Осень женщины. Голубая герцогиня (Бурже, Прево) - страница 132

О, грустный пилигрим, избороздивший Германию и шаг за шагом приближающийся к границе! Он знает, что не переступит ее, но она все-таки его гипнотизирует, тянет к себе. Он идет вперед словно навстречу пропасти. Он положился на волю судьбы; он не более как вещь, двигающаяся по воле случая. В его жизни нет больше исхода… Что в том? Он идет, идет, опустив глаза в землю, не видя перед собой дороги.

Настал час искупления. Он наказывает преступление, состоящее в том, что он, молодой человек, не сумел отнестись с уважением к человеческой любви, которая должна быть религией для тех, кто не имеет иной. Он играл с женскими чувствами, как с игрушками, которые можно бросить или сломать. Некоторые бесшумно сломались, другие забыли. Но к двум из этих чувств он неосторожно привязался душою. Молодая девушка и женщина, пригретая им теперь, получили свое возмездие; они крепко держат его и та, и другая, настолько крепко, что он не может вырваться от них, даже ценою своей плоти и крови. Он страдает, он раскаивается.

И он продолжал свое путешествие, тотчас же забывая места, почти не осматривая города, равнодушно прогуливаясь по музеям.

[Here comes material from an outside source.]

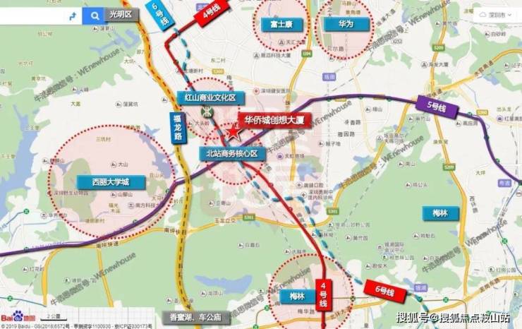 项目紧邻深圳北站交通枢纽、广深港高铁枢纽,位于地铁4号线/5号线换乘站深圳北站与4号线/6号线红山站中心区位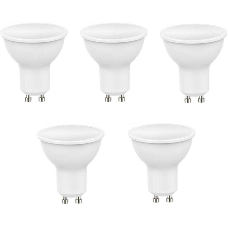 Faretto led 5 watt costruito in materiale plastico di colore bianco con vetrino opaco attacco gu10. Dotato di un ottima tecnologia che fa risparmiare 90% su l energia elettrica ed ha una durata molto più lunga circa 20000 ore. Caratteristiche tecniche: Potenza: 5W Tipo di attacco: GU10 Colore della luce: calda 2700k Alimentazione: AC230V 50/60Hz Fascio luminoso: 110 Indice di resa cromatica (IRC): >80 Dimensioni: Ø50xH53mm Contenuto della confezione: N 5 faretti 5w

Он был в Ульме, в Штаргардте, в Людвигсбурге. Что видел он из всей этой Германии?

Ничего. Он только перевозил с места на место усиливающуюся болезнь. Она осложнилась, доходила до агонии; он был в положении умирающего, который теряет сознание, и до него долетают, как отдаленный шепот, слова окружающих его лиц.

Морис уже был совсем близко от Франции; он кочевал по прирейнской равнине, населенной двумя народностями. Но, как раненый голубь, которому подстреленное крыло позволяло только долететь до голубятни, - он так ослабел, что готов был пасть бездыханным, достигнув родной земли…

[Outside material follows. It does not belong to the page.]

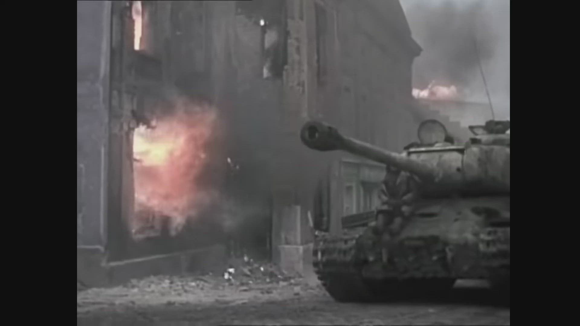 A Soviet tank rolls past a burning building during World War II.

Эта ночь в Гейдельберге, с массою звезд на темном небосклоне, должна была оставить неизгладимое воспоминание в его памяти, неизгладимое потому, что, по какому-то таинственному порядку вещей, он, сам того не сознавая, определил свою судьбу.

Он приехал в час пополуночи из Карлсруэ. Ночь была темная, хотя и звездная и довольно теплая, несмотря на позднее время года. Мягкость воздуха, запах осени, большой парк с рассеянными там и сям виллами, возбуждали в нем только желание уединения, тишины, покоя. Носильщик, держа и руках его чемодан, вел его через темный кустарник и, наконец, остановился перед нарядной, тенистой виллой. Это была гостиница. Здесь пахло цветами; всюду была безукоризненная чистота. Горничная была внимательна и красива; она отворила перед путешественником просторную, уютную комнату, залитую электрическим светом.